The results are shown in Figure 7a,b. When moving all $flo{w}_i$ to achieve a balanced a load as possible, the overall system throughput increases the most (approximately 4%). However, from a fairness perspective, it is optimal to move only the dense flow ($flo{w}_2$), and moving the sparse flow ($flo{w}_1$) actually degrades fairness. This can be explained by the mechanism of message passing in SPDK, which serves as the medium for load migration in SPDK-based KVS. Through message passing, events migrated to the destination core are processed only after handling all the events in the socket queue that the destination core was processing at that moment. The destination core’s reactor thread checks the message queue poller before it executes the P2 poller (see Figure 1). Consequently, when only the requests from the intense (dense) flow are migrated, each execution of migrated events is delayed compared to non-migrated events from sparse flow ($flo{w}_1$). Simultaneously, the non-migrated events from sparse flows on overloaded cores all benefit from the migrations of contenders, resulting in an increase in fairness. On the other hand, when migrating events from sparse flows, the processing of the migrated events is delayed due to the aforementioned waiting time on the message queue. Consequently, events from intense flows are processed first on both overloaded and underloaded cores, leading to performance degradation for sparse flows and eventual fairness degradation.

5.2.2. Intra-Core Scheduling

In intra-core scheduling, adjusting the delay in handling I/O events for dense flows based on the number of backwarding instances is essential, and understanding its impact on fairness is vital. Therefore, we varied the backwarding counts for the execution of I/O events for dense flows on each core from 0 to 20, increasing by 5 each time. Similar to the previous experiments, we measured the system throughput and fairness.

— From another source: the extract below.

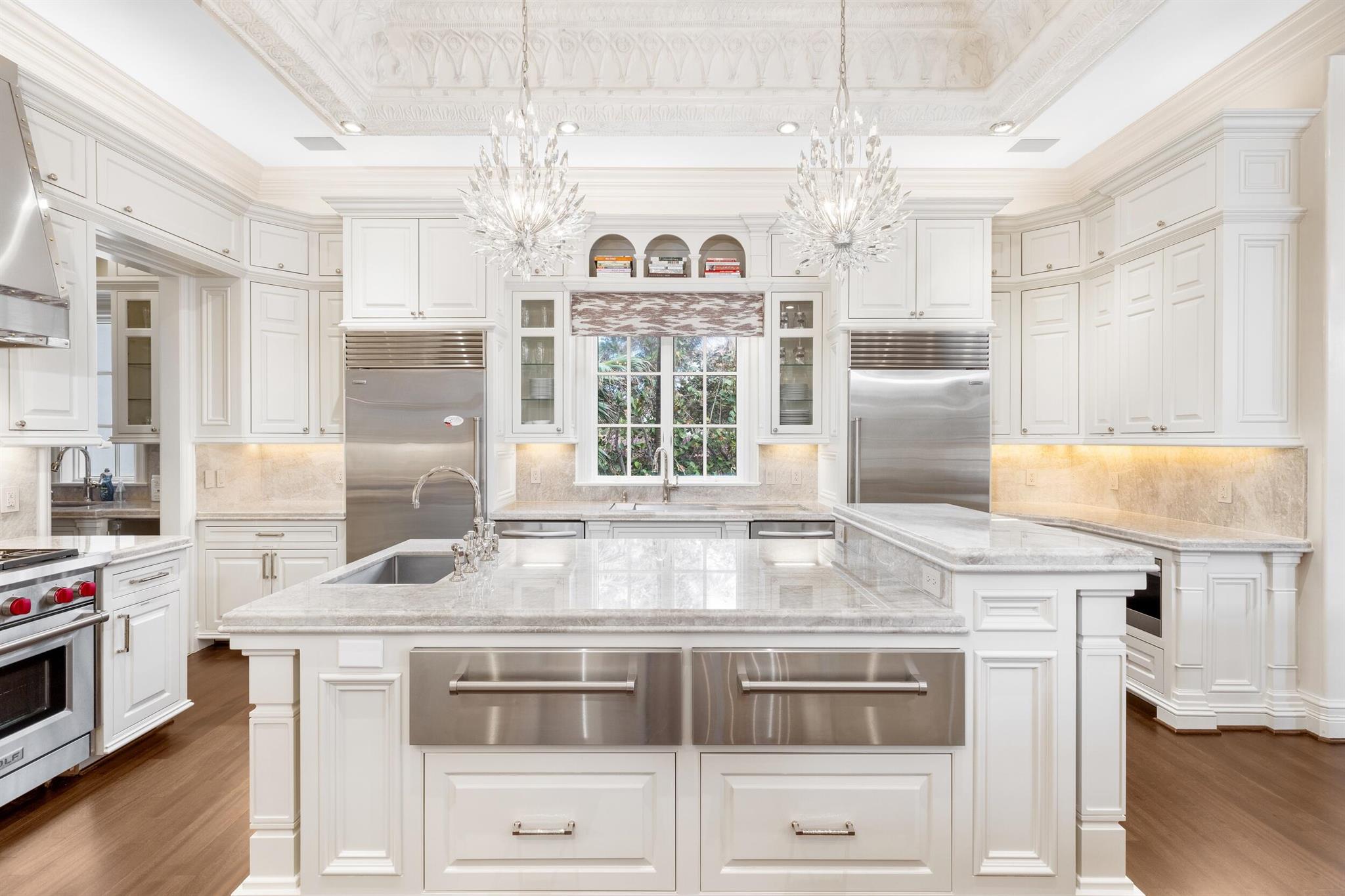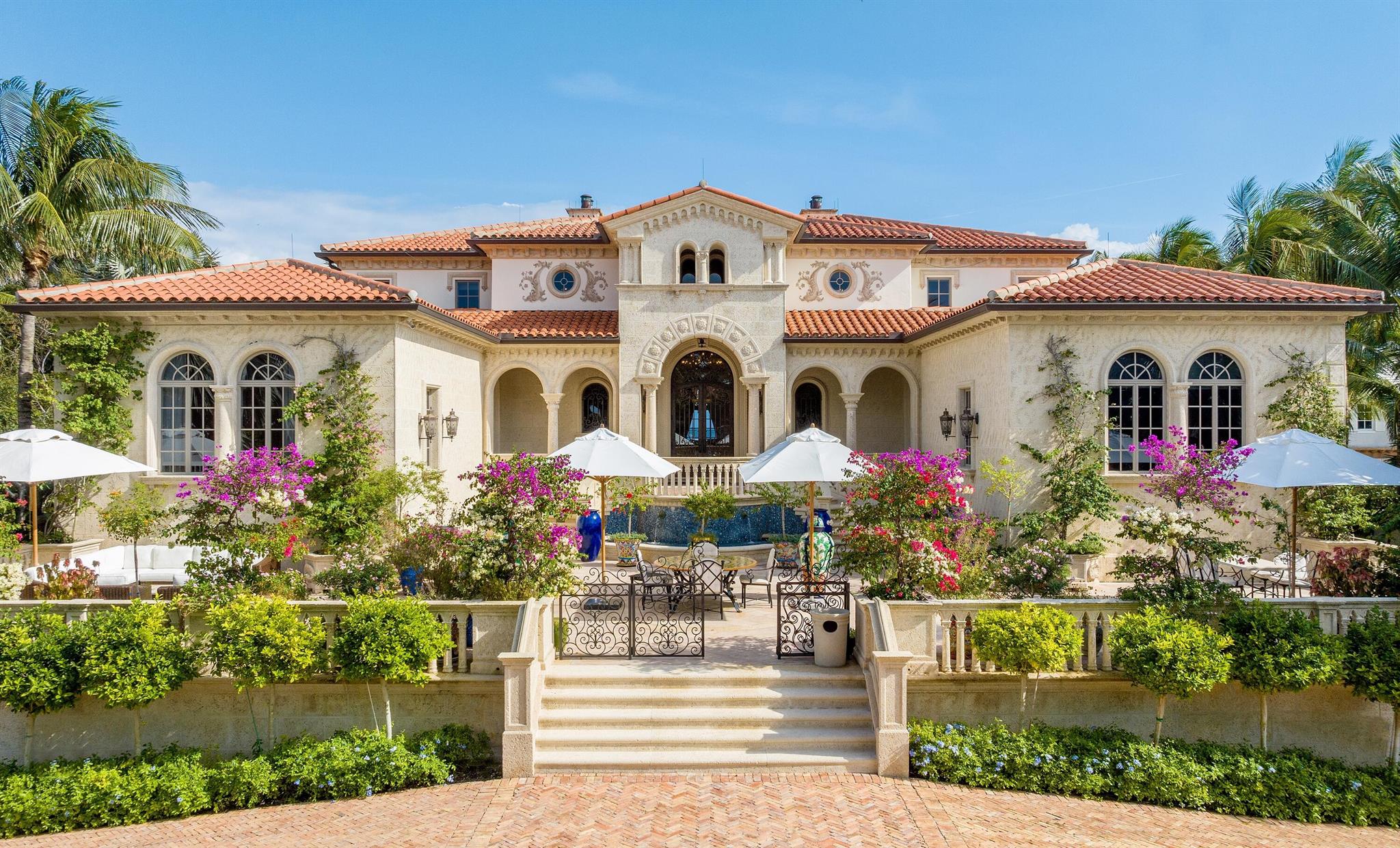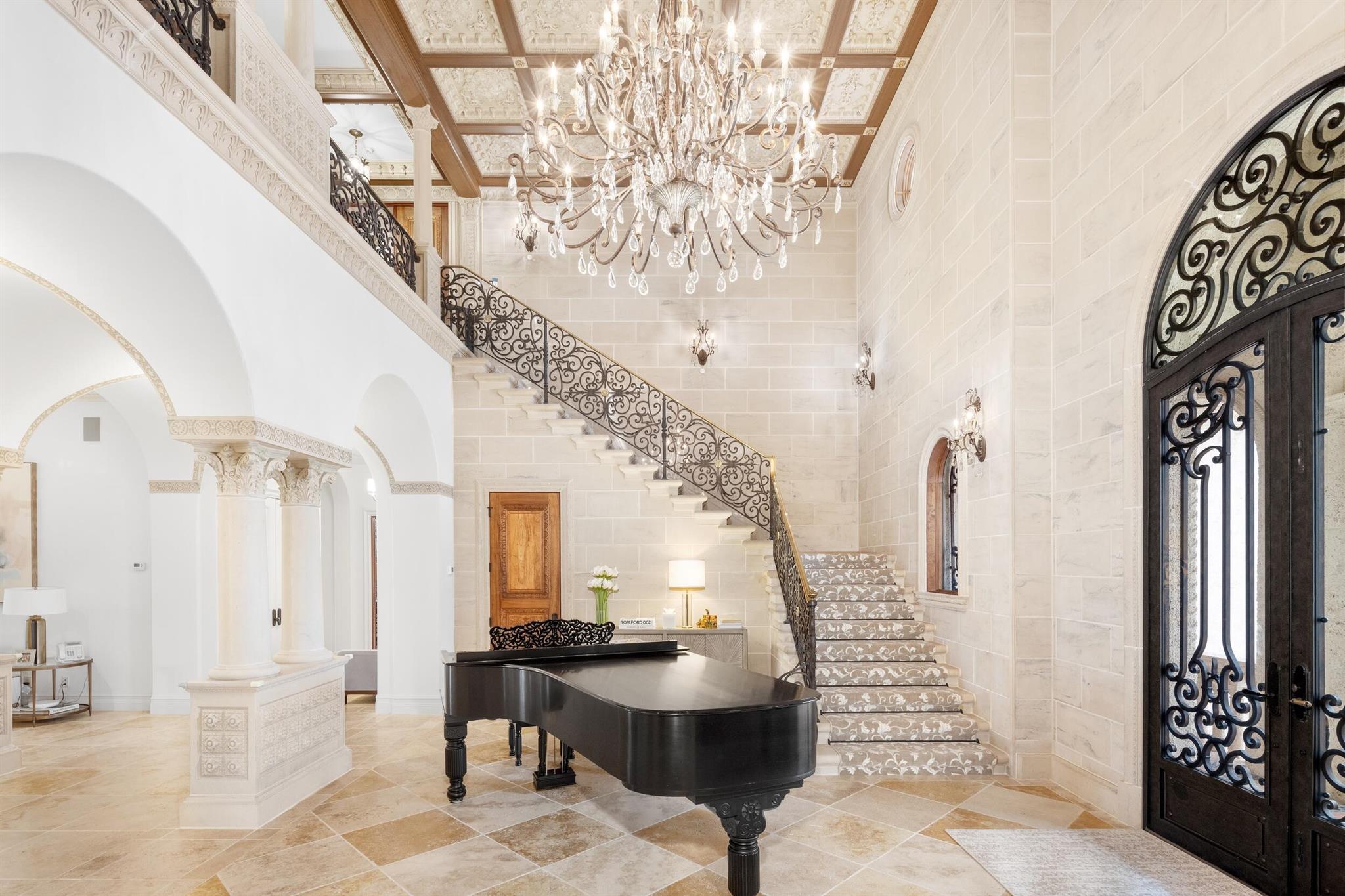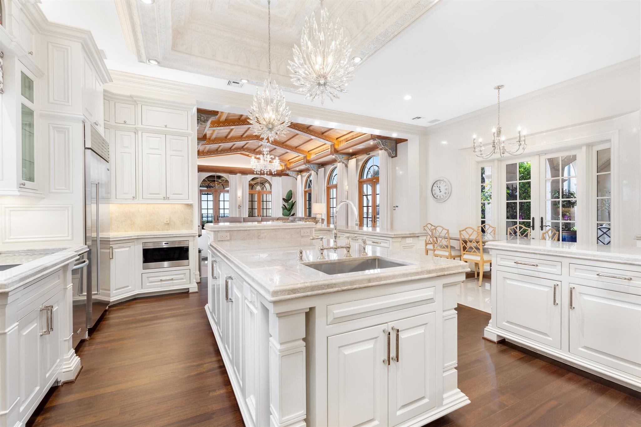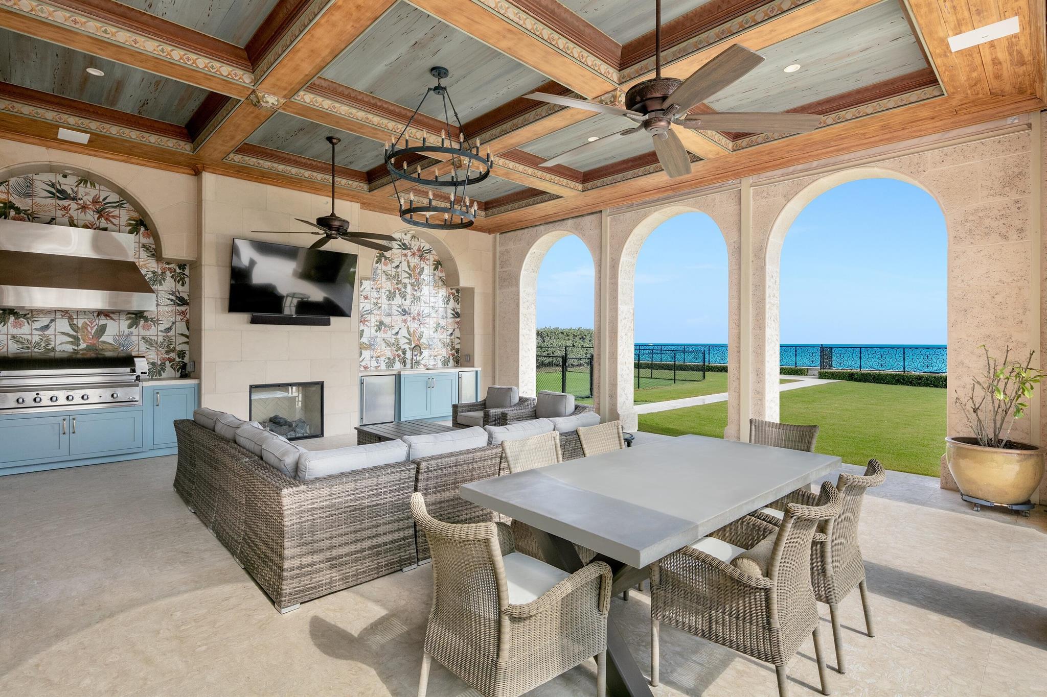 Spectacular Ocean-to-Lake Light and Bright Modern Mediterranean Compound with 9BR/11.3BA and 150 feet +/- of Ocean and Intracoastal frontage. This one-of-a-kind estate features rich details, intricate millwork, and sophisticated finishes. From spectacular reception to oversized living spaces and gorgeous formal dining room, this home is perfect for entertaining. Stunning wrought iron entryway opens to welcoming foyer with sweeping, detailed ceilings, beautiful imperial staircase, and crystal chandelier. Pristine estate with great natural sunlight throughout. Eat-in kitchen with island, china and silverware closet, and butler's pantry. Fabulous theater room connects to pub room with full bar. Paneled library with detailed fireplace. Expansive second floor primary wing with fireplace,

The results are shown in Figure 8a,b. As the number of backwarding instances in intra-core scheduling increases, fairness improves (approximately 12% increase in case of 20 backwardings), but overall throughput decreases (approximately 19% decrease in case of 20 backwardings). The throughput experiences significant drops starting from the case with 10 backwardings. Note that when the backwarding count increases from zero to five instances, due to the introduction of message passing processing which is the medium for per-queue backwarding, the total throughput temporarily increases. Based on these results, we found that starting from 10 instances of backwarding, the intra-core scheduling visibly increases fairness, and as the number of instances increases, fairness continues to grow. However, in our environment, we observed that throughput drops without any further increase in fairness starting from 15 instances of backwarding. Therefore, it is evident that setting the number of backwarding instances carefully, considering the trade-off between throughput and fairness in each environment, is necessary.

5.2.3. Hybrid Scheduling

Figure 9 shows how the system throughput and fairness change when selecting each scheduling algorithm. Note that both intra-core and hybrid scheduling adopted 20 instances of backwarding, which significantly enhanced fairness and substantially reduced total throughput, as depicted in Figure 8, to assess the best-case fairness and the worst-case total throughput achievable during hybrid scheduling. In addition, for both inter-core and hybrid scheduling, we adopted a migration policy that only migrates events from dense flows. As detailed in Section 5.2.1, this policy stands out as the optimal approach in terms of maximizing fairness while simultaneously boosting overall throughput.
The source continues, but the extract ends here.